Activity
Among the entries below, copy only the span from the line containing "Til projektet benyttes" through the line containing "1989 Győr, Petőfi". Do so exactly, and skip the pictures.

══ Exercise input

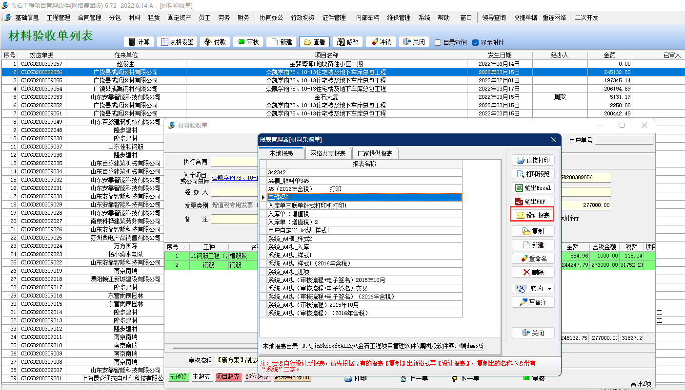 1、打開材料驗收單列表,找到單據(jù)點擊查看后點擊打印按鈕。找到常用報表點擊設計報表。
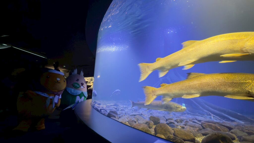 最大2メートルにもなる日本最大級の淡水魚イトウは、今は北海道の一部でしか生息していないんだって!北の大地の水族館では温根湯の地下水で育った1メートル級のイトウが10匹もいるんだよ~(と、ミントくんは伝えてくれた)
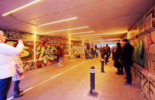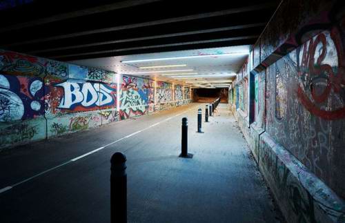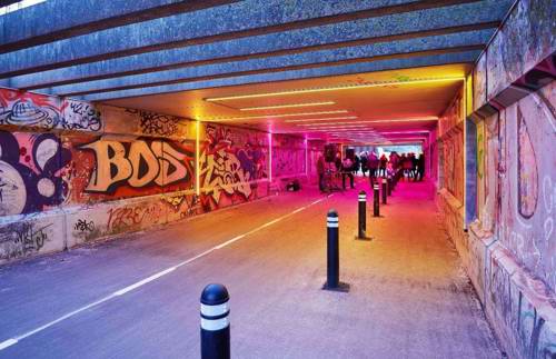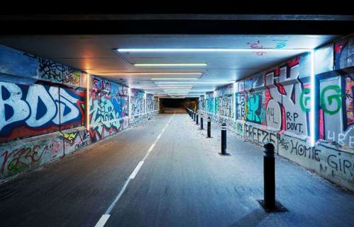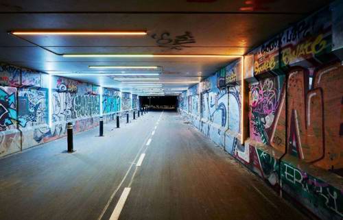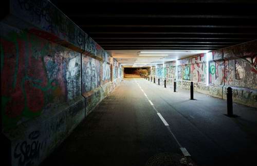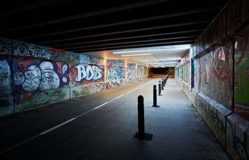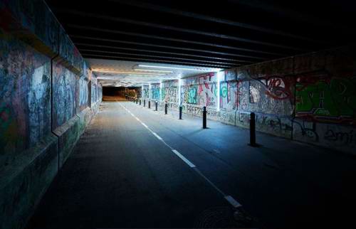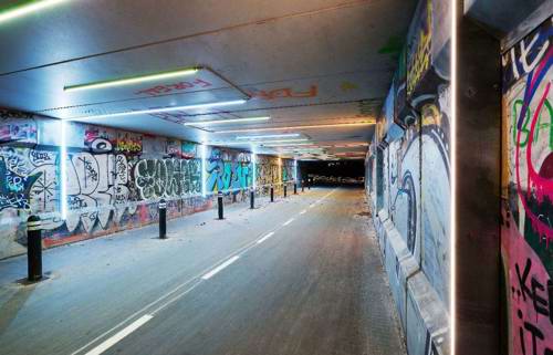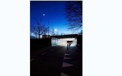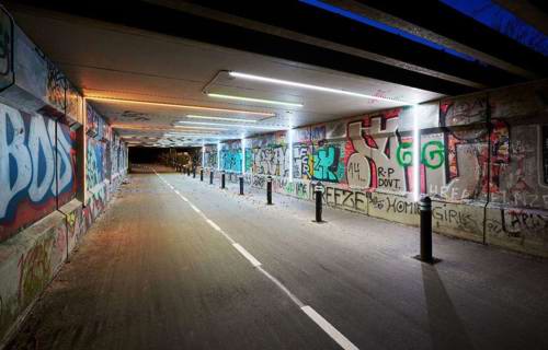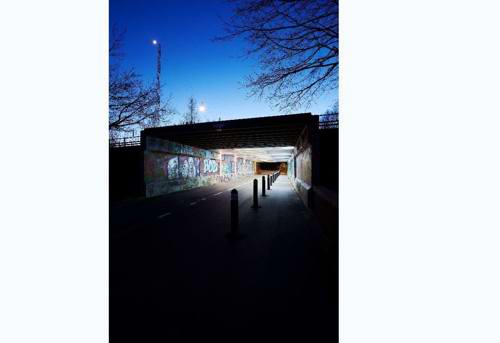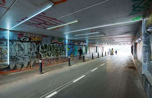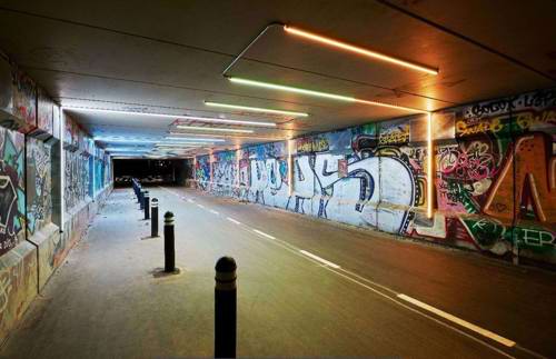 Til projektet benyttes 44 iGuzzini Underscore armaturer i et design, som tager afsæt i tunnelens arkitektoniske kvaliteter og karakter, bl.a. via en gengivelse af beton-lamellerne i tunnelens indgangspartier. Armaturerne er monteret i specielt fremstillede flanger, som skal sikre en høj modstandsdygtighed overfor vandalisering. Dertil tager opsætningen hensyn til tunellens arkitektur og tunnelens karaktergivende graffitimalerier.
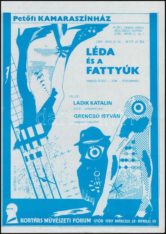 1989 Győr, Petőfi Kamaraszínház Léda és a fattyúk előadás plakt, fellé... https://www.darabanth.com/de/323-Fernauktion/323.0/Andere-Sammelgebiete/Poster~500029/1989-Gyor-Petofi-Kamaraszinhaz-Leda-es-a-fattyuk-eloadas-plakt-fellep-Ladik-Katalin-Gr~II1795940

════
══ Exercise input

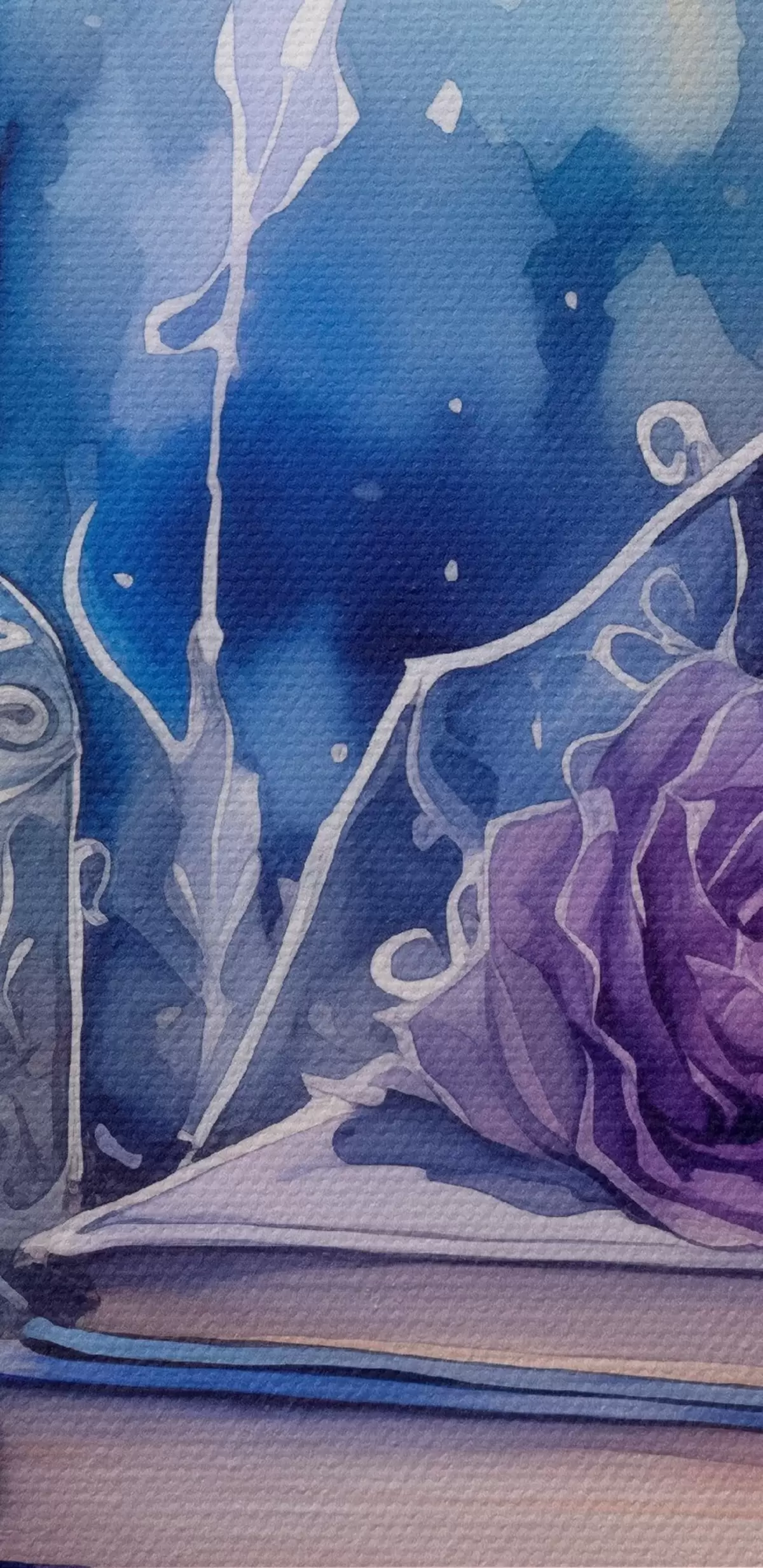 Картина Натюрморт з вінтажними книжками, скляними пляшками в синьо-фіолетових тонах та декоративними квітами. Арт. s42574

════

Expected answer
 Til projektet benyttes 44 iGuzzini Underscore armaturer i et design, som tager afsæt i tunnelens arkitektoniske kvaliteter og karakter, bl.a. via en gengivelse af beton-lamellerne i tunnelens indgangspartier. Armaturerne er monteret i specielt fremstillede flanger, som skal sikre en høj modstandsdygtighed overfor vandalisering. Dertil tager opsætningen hensyn til tunellens arkitektur og tunnelens karaktergivende graffitimalerier.
 1989 Győr, Petőfi Kamaraszínház Léda és a fattyúk előadás plakt, fellé... https://www.darabanth.com/de/323-Fernauktion/323.0/Andere-Sammelgebiete/Poster~500029/1989-Gyor-Petofi-Kamaraszinhaz-Leda-es-a-fattyuk-eloadas-plakt-fellep-Ladik-Katalin-Gr~II1795940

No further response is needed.